Demand rebounds and growth prospects that would prompt investments vary by sector, according to analysts. For instance, a surge of containerboard plants came online in the past few years, and then capacity quickly halved amid weak demand. U.S. producers could remove up to 2.5 million additional tons of containerboard capacity from their footprints in the next five years, according to Wells Fargo Corporate & Investment Banking analysts.
As with the M&A trend, international companies also are garnering attention for making investments in North American operations.
In October, Greece-based Flexopack revealed its intention to build its first U.S.-based flexible packaging facility, in Pennsylvania.

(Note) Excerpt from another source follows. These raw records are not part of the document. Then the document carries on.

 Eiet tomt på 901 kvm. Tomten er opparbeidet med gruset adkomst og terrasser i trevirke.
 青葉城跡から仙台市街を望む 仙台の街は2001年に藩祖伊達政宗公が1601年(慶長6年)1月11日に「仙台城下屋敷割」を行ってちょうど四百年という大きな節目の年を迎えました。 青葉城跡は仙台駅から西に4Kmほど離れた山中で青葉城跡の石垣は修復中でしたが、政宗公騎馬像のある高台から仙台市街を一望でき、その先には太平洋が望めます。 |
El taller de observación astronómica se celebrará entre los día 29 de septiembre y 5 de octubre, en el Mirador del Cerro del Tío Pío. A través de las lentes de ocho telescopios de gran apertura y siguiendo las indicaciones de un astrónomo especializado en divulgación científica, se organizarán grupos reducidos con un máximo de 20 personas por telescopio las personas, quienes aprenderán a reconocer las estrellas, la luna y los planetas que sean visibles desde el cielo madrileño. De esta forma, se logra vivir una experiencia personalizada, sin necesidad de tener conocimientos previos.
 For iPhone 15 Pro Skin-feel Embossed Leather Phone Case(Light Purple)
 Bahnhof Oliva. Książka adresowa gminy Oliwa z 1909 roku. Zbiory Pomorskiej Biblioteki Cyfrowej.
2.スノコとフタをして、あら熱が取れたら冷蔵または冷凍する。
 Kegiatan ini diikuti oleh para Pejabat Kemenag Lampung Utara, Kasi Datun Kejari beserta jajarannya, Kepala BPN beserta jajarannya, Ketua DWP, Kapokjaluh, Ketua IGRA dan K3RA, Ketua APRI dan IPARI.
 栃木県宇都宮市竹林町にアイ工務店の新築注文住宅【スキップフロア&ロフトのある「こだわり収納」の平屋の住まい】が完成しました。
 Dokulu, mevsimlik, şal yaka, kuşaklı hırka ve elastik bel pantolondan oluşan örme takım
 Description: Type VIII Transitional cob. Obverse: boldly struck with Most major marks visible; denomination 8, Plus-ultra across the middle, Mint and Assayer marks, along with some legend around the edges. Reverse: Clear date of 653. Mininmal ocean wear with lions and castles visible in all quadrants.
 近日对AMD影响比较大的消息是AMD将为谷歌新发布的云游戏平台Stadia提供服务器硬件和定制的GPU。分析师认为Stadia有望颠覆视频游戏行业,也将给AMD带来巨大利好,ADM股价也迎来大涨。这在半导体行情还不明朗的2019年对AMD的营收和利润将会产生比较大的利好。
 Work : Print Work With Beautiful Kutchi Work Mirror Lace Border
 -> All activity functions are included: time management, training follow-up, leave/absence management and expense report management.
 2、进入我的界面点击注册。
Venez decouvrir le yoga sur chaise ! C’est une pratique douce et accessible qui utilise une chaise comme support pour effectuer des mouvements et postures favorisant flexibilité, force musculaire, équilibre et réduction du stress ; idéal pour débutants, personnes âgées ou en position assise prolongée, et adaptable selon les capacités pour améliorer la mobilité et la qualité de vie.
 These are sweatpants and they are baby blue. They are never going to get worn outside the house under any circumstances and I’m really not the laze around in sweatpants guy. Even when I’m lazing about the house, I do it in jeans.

In November, Netherlands-based Nelipak announced it had opened its first North American flexible packaging production site, in North Carolina. And already this month, Nigeria-based The Paper Packaging Co. disclosed its plan to establish a presence in the U.S. early in 2025.
Is 2030 the new 2025 for plastic reduction targets?
It’s now 2025 and the world’s largest brands haven’t all converted to more circular packaging as many organizations’ goals had laid out. A changing social and political environment offers a potential turning point or opportunity to double down on potentially redesigned packaging sustainability strategies and expectations going forward.
Some major companies publicly acknowledged this reality. Unilever shared an updated list of targets bound to different dates over the next decade. For organizations that have voluntarily aligned with the U.S. Plastics Pact, a road map to reducing virgin plastic and upping recycling and recycled content use was last year updated and shifted from 2025 to 2030.
Throughout this year and into next, companies could share more on lessons learned from the lead-up to 2025 and new approaches to next-generation targets. This could result in better-informed, more individually tailored goal-setting for the future.
Globally, although an internationally binding agreement on preventing plastic pollution was slated to be decided in 2024, negotiations are expected to continue in 2025 – this time with U.S. representation falling under a Republican administration.
It remains to be seen how regulatory and political tides shifting away from ESG will impact sustainability pressure and ambition – greenhushing could be a concern – when many companies have pointed out that those efforts were underpinned by consumer demand anyway.
Local and state governments and environmental advocates seek to leverage the judicial system to lobby for change, but high-profile cases are hitting roadblocks. The New York attorney general’s lawsuit against PepsiCo over plastic pollution was dismissed in November. California’s attorney general is in a court battle with ExxonMobil: It sued the company last year, including for alleged limitations around mechanical and chemical recycling; the company countered with its own lawsuit this week, alleging defamation.